[House Rules Manual -- House Document No. 104-272]
[From the U.S. Government Printing Office Online Database]
[Pages 76-78]
[DOCID:hrmanual-7]
[[Page 76]]
ARTICLE V.
The <<NOTE: Sec. 190. Amendments to the Constitution.>> Congress,
whenever two thirds of both Houses shall deem it necessary, shall
propose Amendments to this Constitution, or, on the Application of the
Legislatures of two thirds of the several States, shall call a
Convention for proposing Amendments, which, in either Case, shall be
valid to all Intents and Purposes, as Part of this Constitution, when
ratified by the Legislatures of three fourths of the several States, or
by Conventions in three fourths thereof, as the one or the other Mode of
Ratification may be proposed by the Congress; Provided that no Amendment
which may be made prior to the Year One thousand eight hundred and eight
shall in any Manner affect the first and fourth Clauses in the Ninth
Section of the first Article; and that no State, without its Consent,
shall be deprived of its equal Suffrage in the Senate.
Amendments <<NOTE: Sec. 191. Form of and action on amendments to the
Constitution.>> to the Constitution are proposed in the form of joint
resolutions, which have their several readings and are enrolled and
signed by the presiding officers of the two Houses (V, 7029, footnote),
but are not presented to the President for his approval (V, 7040; see
discussion under Sec. 115, supra; Hollingsworth v.
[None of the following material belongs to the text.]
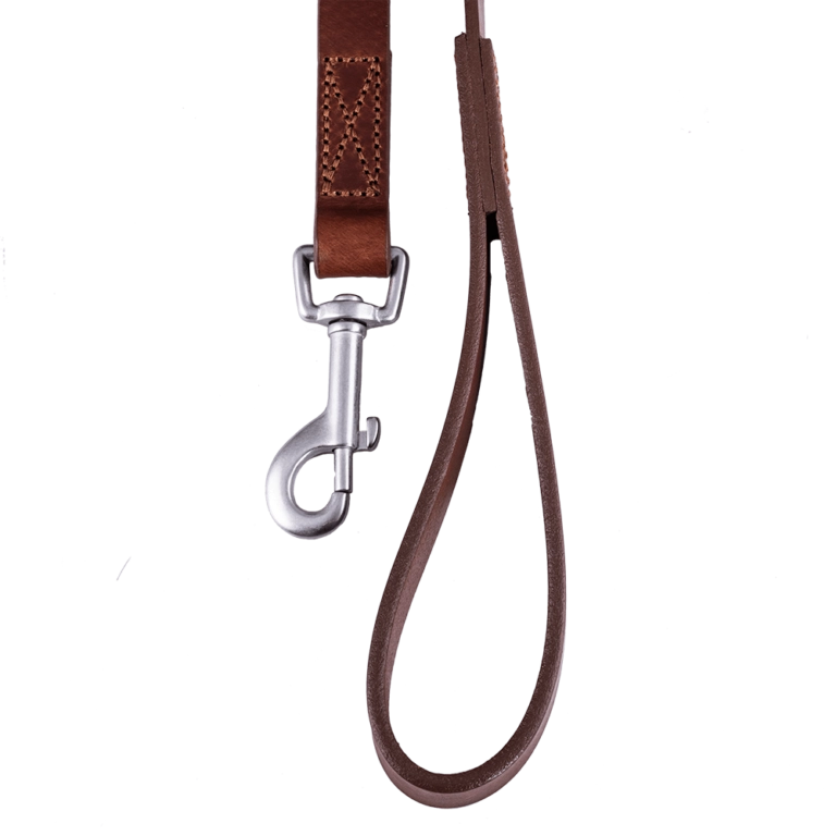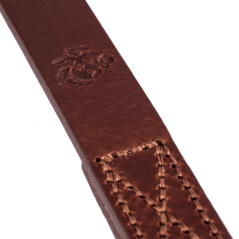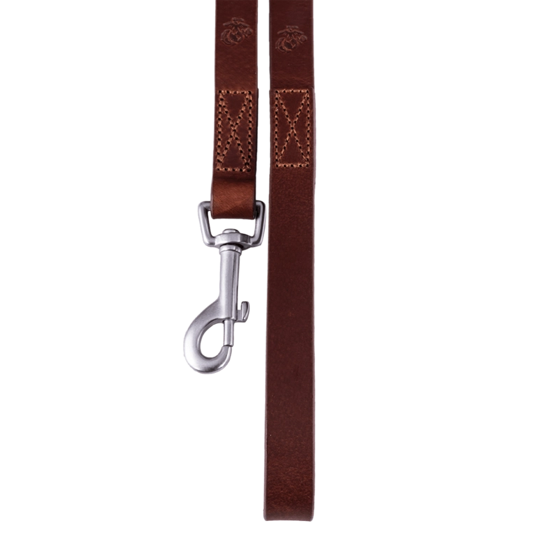 This high quality leather pet leash has the Eagle, Globe, and Anchor cutout above the handle. At 57 inches long and 3/4 of an inch wide, this leash is strong and works for nearly any size of dog.

Virginia, 3 U.S. [3
Dall.] 378 (1798)). They are filed with the Archivist who, under the law
(1 U.S.C. 106b; 1 U.S.C. 112), has the responsibility for the
certification and publication of such amendments, once they are ratified
by the States. Under the earlier procedure, the two Houses sometimes
requested the President to transmit to the States certain proposed
amendments (V, 7041, 7043), but a concurrent resolution to that end was
without privilege (VIII, 3508). The President notified Congress by
message of the promulgation of the ratification of a constitutional
amendment (V, 7044).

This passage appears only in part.